According to the relative position of the internal sprue on the steel casting, the casting system can generally be divided into top injection type, side injection type and bottom injection type.
(1) Top injection type, the metal liquid is injected from the upper part of the cavity, which has the advantages of forming a reasonable solidification sequence, strengthening the feeding of the top riser and simple structure. The disadvantage is that it has a large impact on the cavity, and the liquid metal is prone to splash, gas or inclusion, resulting in defects such as pores, sand holes and slag inclusion. It is not used to cast alloys that are easy to oxidize.
(2) Side injection type, the metal liquid enters the casting system from the side of the mold cavity. The advantage is that the metal liquid has little impact on the mold cavity and good exhaust during the mold filling process, and the pouring riser can be flexibly set around the steel casting.

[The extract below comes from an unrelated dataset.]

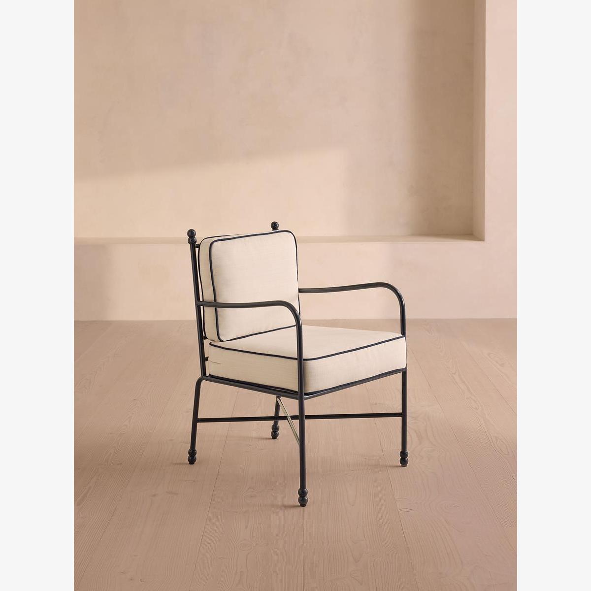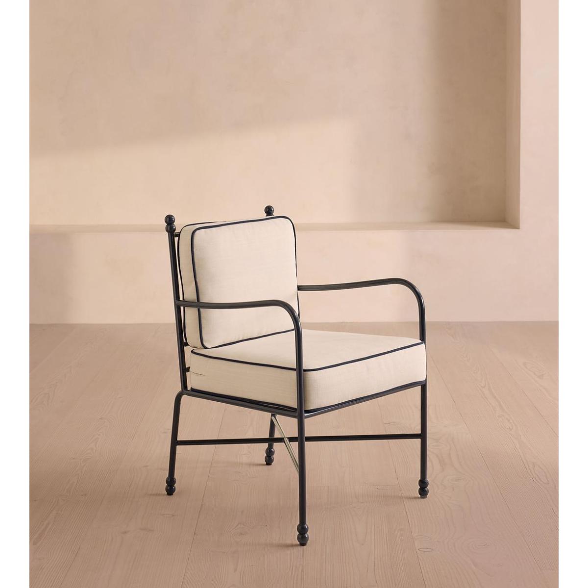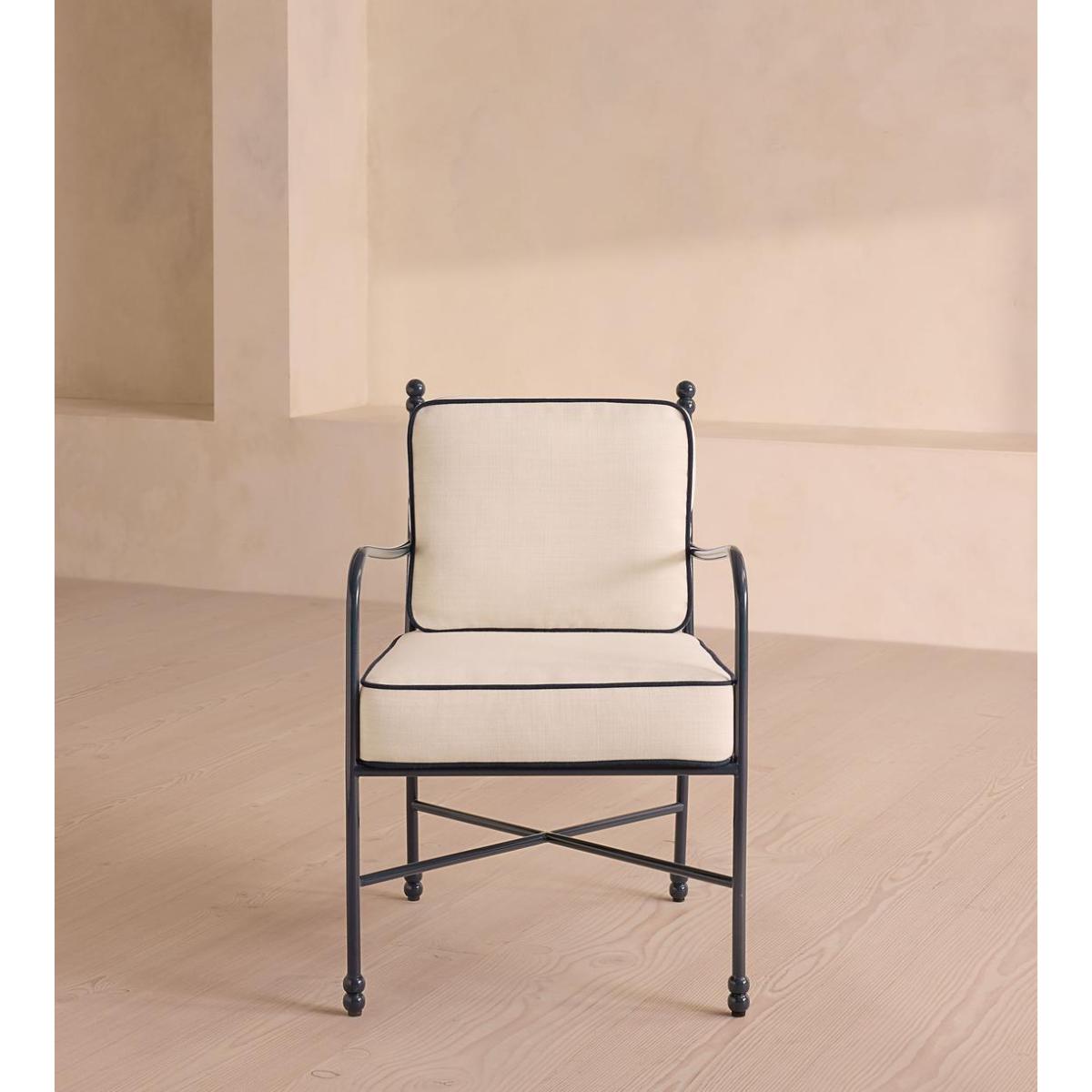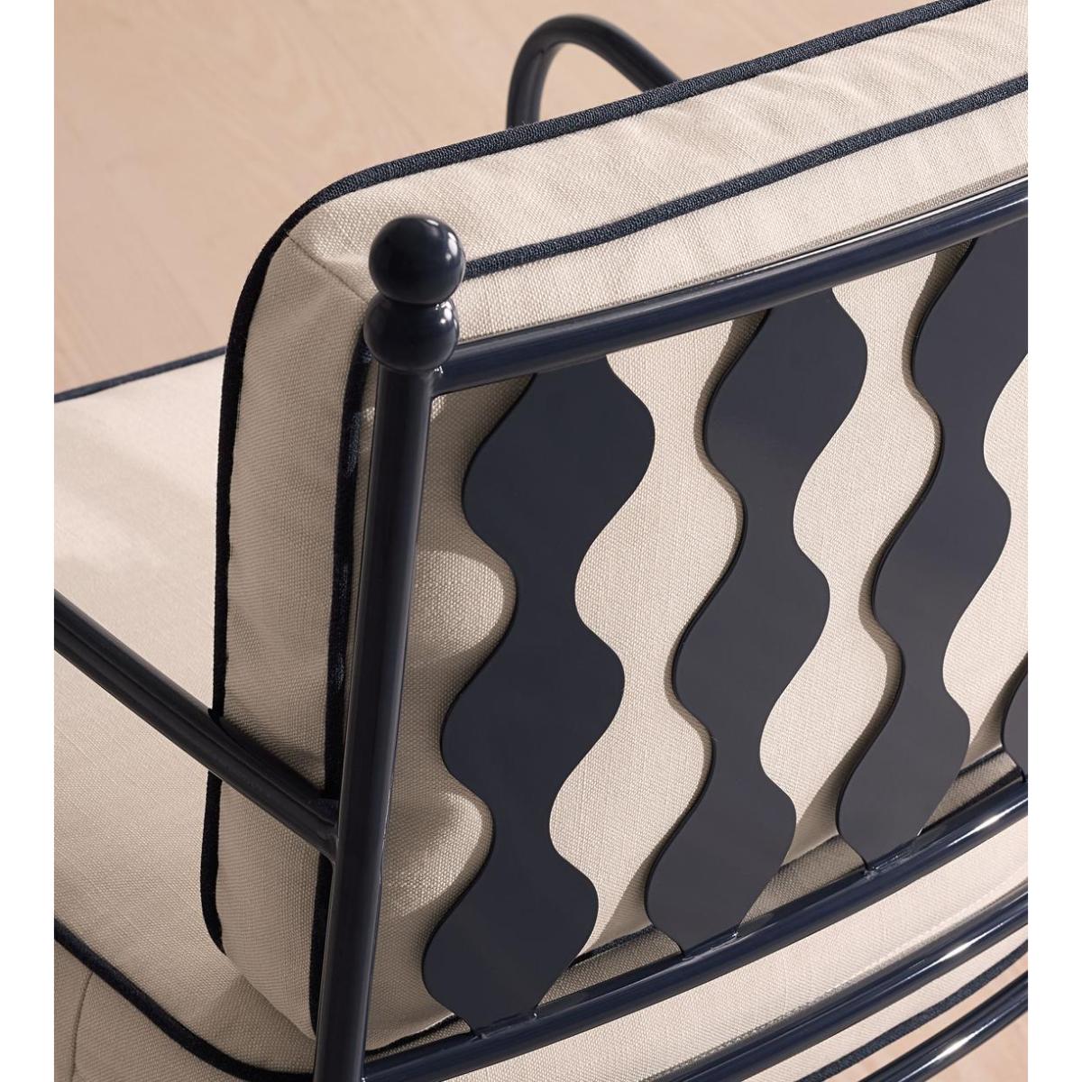 Stainless steel framework creates a distinctive wave-patterned backrest and curved arms that surround removable, upholstered cushions. Designed for outdoor use, the Fawn armchair is crafted from dark navy metalwork complemented by the piping that surrounds its off-white upholstery. Curved arms extend to form two of the chair's four legs, all of which are detailed with double ball feet at the base.
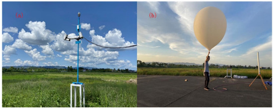 During the campaign, a micro-thermometer, from the Anhui Institute of Optics and Fine Mechanics, Chinese Academy of Sciences, was installed approximately 3 m over the Earth’s surface, and the daily variation in turbulence strength near the ground was obtained [20,21,22,23]. A comprehensive description of the micro-thermometer and its specifications are given in [4,24,25]. The installation location of the instrument and the surrounding environment are shown in Figure 3a. In order to improve the turbulence strength estimation model to make it more suitable for the site, a balloon-borne radiosonde equipped with micro-thermometers and GPS was launched at the experimental site as shown in Figure 3b. The working status and available meteorological parameters provided by each instrument are described in Table 3.

(3) Bottom injection type, liquid metal is injected into the casting system from the bottom of the cavity, which has the advantage of stable filling process. The disadvantage is that the shape is complex and the temperature difference caused by liquid metal filling is opposite to the gravity feeding order, which is not conducive to feeding; Oxide scale is formed in the rising process of liquid metal, which affects the surface quality of steel castings.
For the problems in the initial casting scheme, two new gating systems are redesigned, namely bottom injection and layered injection, as shown in Figure 1.
The solidification and cooling processes of the two processes are shown in Fig. 2 and Fig. 3. By comparing the two casting methods, it is found that there are still many shrinkage defects at the root of stiffener and branch pipe. This is because the thickness of the steel casting branch pipe is small, the temperature will drop rapidly after the mold filling is completed, and it will be close to the mold shell temperature soon, while the temperature at the joint of the steel casting root and the steel casting main pipe will drop slowly, resulting in the formation of closed liquid phase zone in both casting systems, and finally leading to shrinkage defects such as shrinkage and porosity. There are similar reasons for the defects near the stiffener, because the bottom of the stiffener is near the gate, so it is also the last solidification area, and aggravates the shrinkage defect at the root of the branch pipe. It can be seen that the location of the stiffener is also very particular. In addition to avoiding the gate, it is also necessary to avoid the location of the hot spot, which is often difficult to achieve.
To sum up, the influence of these two casting methods on defect distribution is not so significant, and there is little difference between the two solidification methods.